As previously explained, the Bureau purchases data from vendors. Some of these purchases are "off the shelf" products that are available for purchase by anyone in the private sector or government. Other products, described further in the section of this report on Core Data Assets, are customized for the Bureau from data that the vendor collects for sale. All of those data assets are listed in Appendix B, subject to the limitations previously discussed.

Most of the data assets the Bureau has procured from vendors were procured to be used generally as relevant to understand historical patterns or current trends in particular markets or in consumers' preferences and uses regarding consumer financial products and services. The uses of these data assets thus falls outside the definition of "reuse." The Bureau is not aware of any instance in which it purchased data for a specific and limited purpose and then reused for another purpose.

Additionally, access to, and reuse of, these data are restricted in accordance with the applicable license agreements.

5.4 Financial institution data

As previously noted, the Bureau collects data from FIs to support different aspects of the Bureau's work. To avoid re-collecting the same or similar data, the Bureau can use data collected for a particular purpose for a different purpose if authorized and consistent with governing law. The sub-sections that follow describe the types of data the Bureau has obtained from FIs and how it reuses that data.

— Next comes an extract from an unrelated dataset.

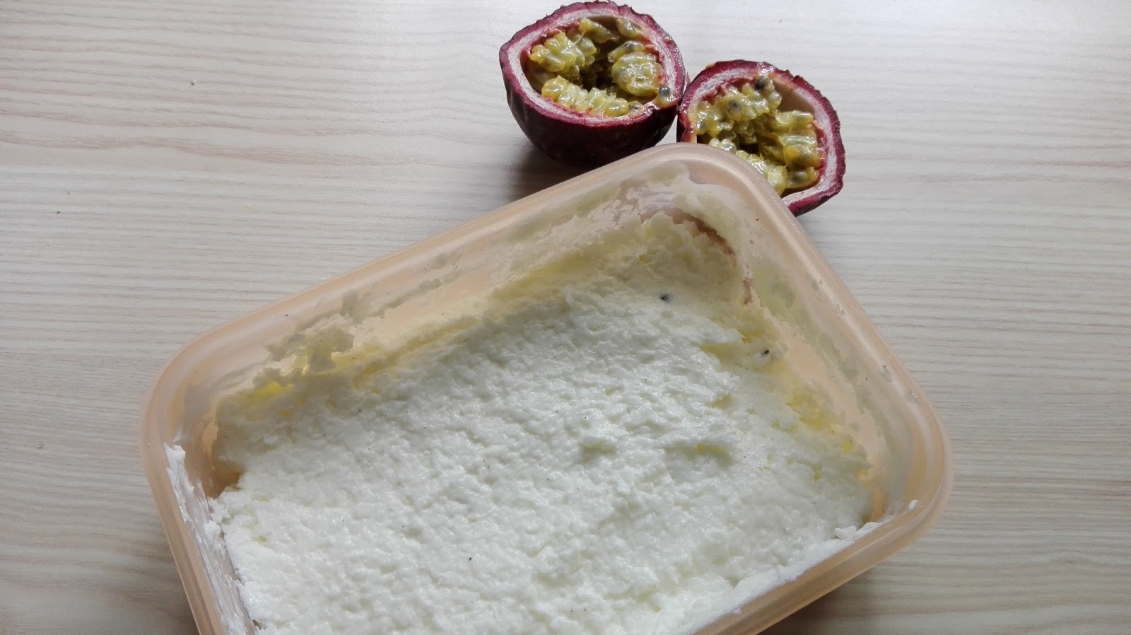 Und dann ist der Frozen Yogurt mit Maracuja schon fertig. Der Geschmack erinnert an das Eis Split. Sehr erfrischend und lecker.

5.5 Data collected for supervision, used for enforcement

Enforcement and the Office of Fair Lending's Enforcement team access CSI to (1) ensure consistent application of the enforcement and supervisory tools, and (2) consider, through the ARC process, whether Enforcement or Supervision should address a potential violation. Supervision shares information, including CSI, with Enforcement if that information is relevant to the duties of the Enforcement employees who will receive and use that information, including: to support a matter that has been referred to Enforcement through the ARC process, to support an ongoing investigation or litigation, or when sharing Supervision prioritization information. The information Supervision shares with Enforcement includes any information that would support the finding of a violation of federal consumer financial law, including reports of examination, supervisory letters, and relevant materials from an institution (e.g., marketing materials, disclosures, account statements, etc.).

The process by which information is shared is outlined in SEFL governance documents and is part of the routine operation of the division. Current SEFL practice limits Enforcement access to Supervision work-papers to those Enforcement employees who require the information for specific tasks related to their job functions.

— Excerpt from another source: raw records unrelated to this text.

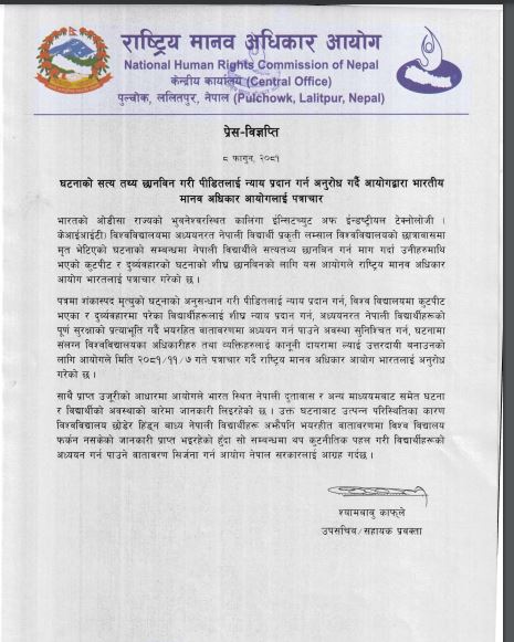 काठमाडौं । राष्ट्रिय मानवअधिकार आयोगले भारतको ओडीसा राज्यको भुवनेश्वरस्थित कालिंगा ईन्सिटच्युट अफ ईन्डष्ट्रीयल टेक्नोलोजी (केआईआईटी) विश्वविद्यालयमा अध्ययनरत नेपाली विद्यार्थी प्रकृति लम्साल विश्वविद्यालयको छात्रावासमा मृत भेटिएको घटनाको सम्बन्धमा ध्यानाकर्षण भएको जनाउँदै भारतको राष्ट्रिय मानवअधिकार आयोगलाई पत्राचार गरेको छ ।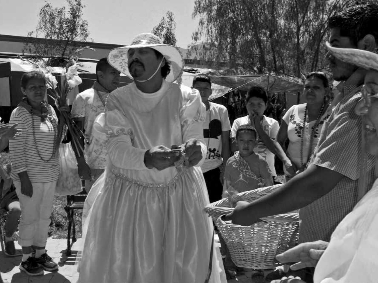 En el trabajo de campo fueron notables las variadas manifestaciones de amaneramiento y travestismo. Fidencio, por ejemplo, muchas veces es encarnado por mujeres. A la Niña Aurorita siempre la vi personificada por hombres, aunque sé que también la personifican mujeres. Pancho Villa, representante de una masculinidad norteña acentuada, es muchas veces encarnado por mujeres, mientras que la gitana Margarita lo es exclusivamente por homosexuales (Carrizales, 2018).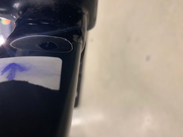 ik denk dat ik ook alweet hoe het komt. sprintte een keer de Hollandse brug op en toen liep mijn band volledig tegen mijn vork aan. Ik had het wiel er niet goed in gezet en hij was los gekomen en scheef komen te zitten. Dat is dus een dure grap geweest, blijkt dan achteraf. Dat je zo snel een gat in het carbon krijgt sta ik wel van te kijken.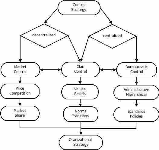 Control Theory in sociology can either be classified as centralized, decentralized, or mixed. Decentralized control, or market control, is typically maintained through factors such as price, competition, or market share. Centralized control, such as bureaucratic control, is typically maintained through administrative or hierarchical techniques that create standards or policies. An example of mixed control is clan control, which contains both centralized and decentralized control. Mixed control is typically maintained by establishing a set of values and beliefs or norms and traditions.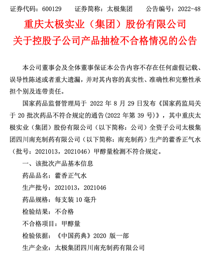太极集团8月30日盘后公告,国家药品监督管理局于8月29日发布《国家药监局关于20批次药品不符合规定的通告(2022年第39号)》,其中公司全资子公司太极集团四川南充制药有限公司生产的藿香正气水(批号:2021013,2021046,有效期为24个月)甲醇量检测不符合规定。

5.5.1 Data collected for supervision or enforcement used for research, monitoring, rulemaking, or assessments of significant rules

Data that the Bureau obtains for its supervision and enforcement work is generally considered CSI or CII, respectively, and is protected in accordance with Bureau regulation. Bureau requirements regarding CSI and CII govern how the Bureau reuses this information internally.

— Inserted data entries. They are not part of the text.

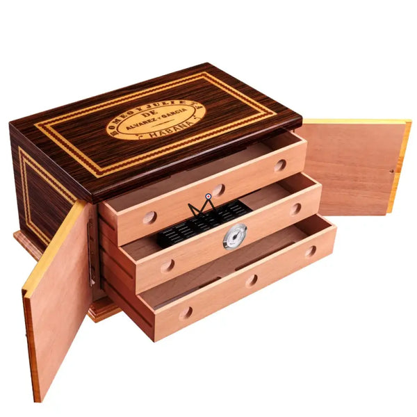With its capacity to hold up to 250 cigars , this humidor offers exceptional storage space while enhancing your interior.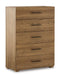 Taking an organic approach to a curated bedroom aesthetic, this warmly neutral chest of drawers has a natural appeal. Sleek bar pulls in a blackened iron finish accentuate the drawer fronts, providing subtle contrast to the clean-lined design. With its aura of casual refinement, this piece elevates the everyday in your restful retreat.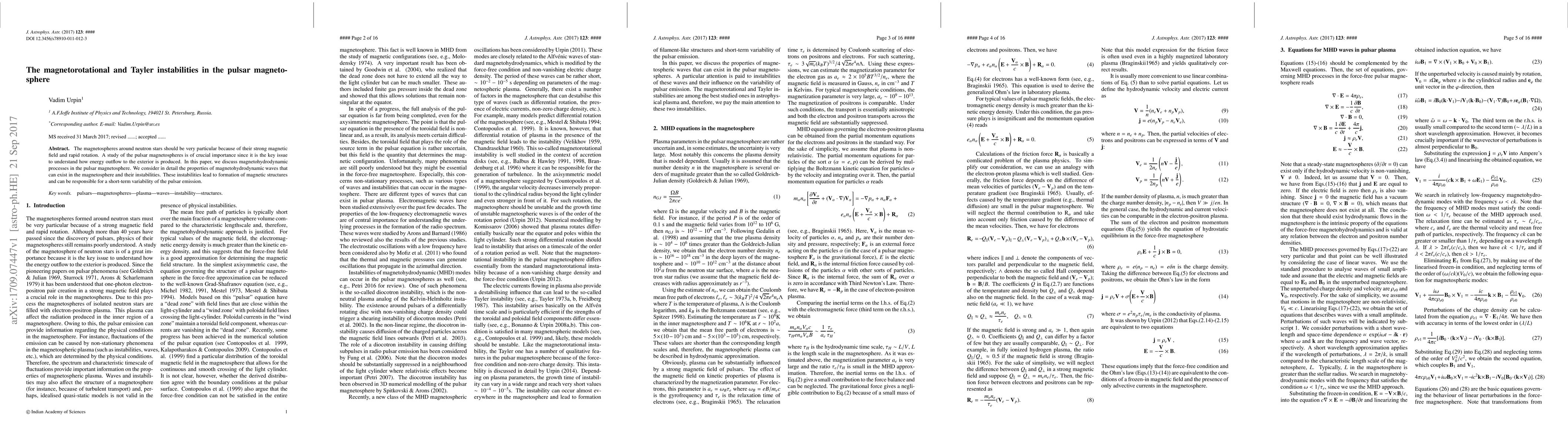 This paper investigates magnetohydrodynamic processes in pulsar magnetospheres, focusing on magnetorotational and Tayler instabilities that can generate magnetic structures and contribute to short-term variability in pulsar emissions. Understanding these instabilities is crucial for comprehending energy inflow mechanisms in neutron star magnetospheres.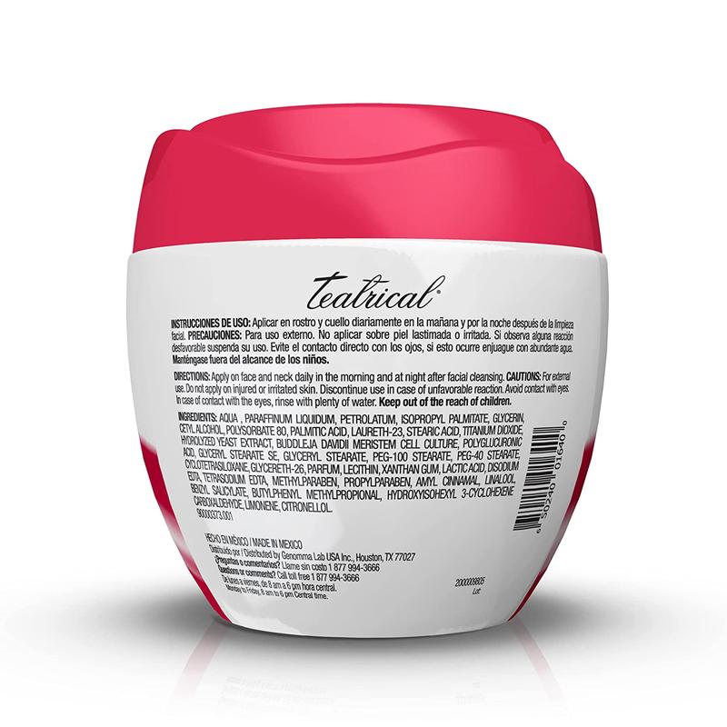 ·Anti Wrinkle Facial Cream: This anti aging cream helps reduce the appearance of wrinkles and expression lines to reveal a smoother and younger complexion scienceTry Them All: We carry a wide range of face care products to moisturize and revitalize your skin, including cleansers, anti-wrinkle creams, moisturizers, and tone correcting creamsNatural Skincare: Teatrical is an iconic Latin brand focused on attainable and natural skincare powered by stem cells of the Buddleja davidii flower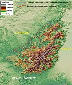 Limite occidentale du toponyme basse dans les Vosges
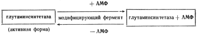 Наконец, активность некоторых ферментов регулируется путем химической модификации их молекулы, в основе которой лежит ковалентное обратимое связывание с ферментом определенной группировки, что приводит к изменению его активности. У прокариот известны две ферментные системы, активность которых регулируется таким путем. Глутаминсинтетаза E. coli, катализирующая синтез глутамина, существует в двух формах, различающихся присутствием в одной из них остатка адениловой кислоты. Присоединение его с помощью ковалентной связи, катализируемое соответствующим модифицирующим ферментом, приводит к образованию менее активной аденилированной глутаминсинтетазы: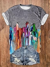 More information about Women's T Shirt Casual Horse Print Short Sleeve Regular Tops Crew Neck Daily Gray Summer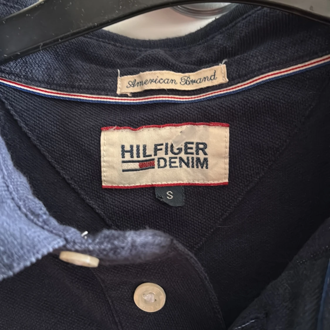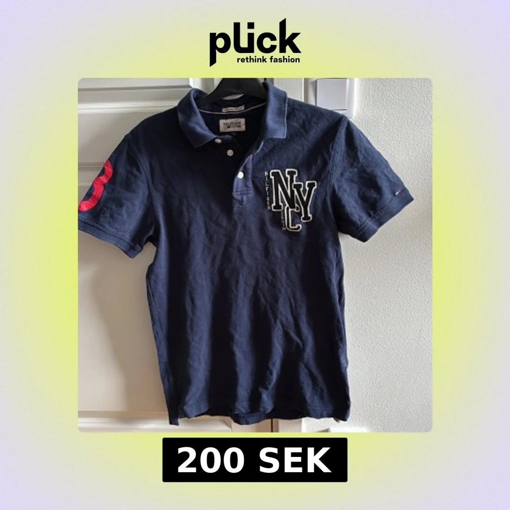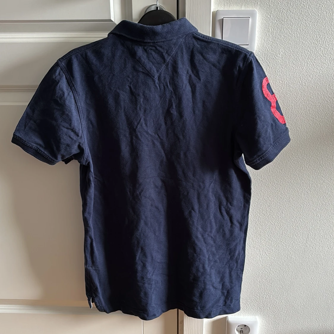 Säljer en mörkblå pikétröja från Hilfiger Denim med broderad NYC-logga på bröstet och röd siffra på ärmen. Klassisk krage och knäppning framtill. Perfekt för en avslappnad och stilren look.

In a number of instances, Supervision and RMR collaborated to develop data collections intended to support supervisory activities, which also could potentially be of value for market monitoring and/or research. These data collections are discussed below:

  • Credit card database – As discussed in the Core Data Assets section of this report, from 2012 through 2016, the Bureau used its supervisory authority to collect, on a monthly basis, de-identified account-level data from credit card issuers. The data specifications for this data collection paralleled a preexisting data request by the OCC. The Bureau used these data for research and market monitoring as well as supervisory activities.
  • Payday – In 2012, the Bureau collected account-level data on payday loans in connection with a series of supervisory examinations. De-identified versions of these data were also used to study payday loan products and consumers' use of them and resulted in a number of research reports and papers.
  • Deposit advance products (DAP) – The Bureau collected a random sample of checking account data and transaction-level data from a sample of FIs offering DAP in connection with a series of supervisory examinations. De-identified versions of these data were also used to understand consumers' experiences with the product; in addition, these data provided insights into consumers' experiences with related products. These data were used in two research publications that were relied on in the Bureau's rulemaking, and several research papers.
  • Overdraft – The Bureau collected aggregated, de-identified data regarding overdraft usage at a number of large FIs and de-identified transaction-level data for a random sample of de-identified checking accounts from these banks. It used these data to analyze the market for overdraft services and consumer choices and outcomes and this resulted in several research reports. The Bureau subsequently contracted with one of the three nationwide consumer reporting agencies to provide credit data along with a match key that enabled the Bureau to match the credit data to the transaction data. Bureau researchers used these de-identified data to produce a research report.
  • Credit card – In 2013, Supervision obtained aggregate-level data from nine card issuers that were used for credit card industry reports that the Bureau was required to produce. In 2015, Supervision obtained match keys from nine credit card issuers for accounts in the Credit Card Database, discussed in the Core Data Assets section of this report, which enabled the Bureau to identify accounts in the database with a rewards feature and Supervision obtained certain aggregate-level data from five issuers in connection with supervisory prioritization efforts. RMR developed these data requests in collaboration with Supervision. In addition, these five issuers and four other issuers received orders pursuant to the Bureau's market monitoring authority seeking aggregate-level information comparable to the information obtained in 2013 and four other issuers received orders seeking a different set of aggregate-level information. For the 2017 report, all requests were made using the market monitoring authority.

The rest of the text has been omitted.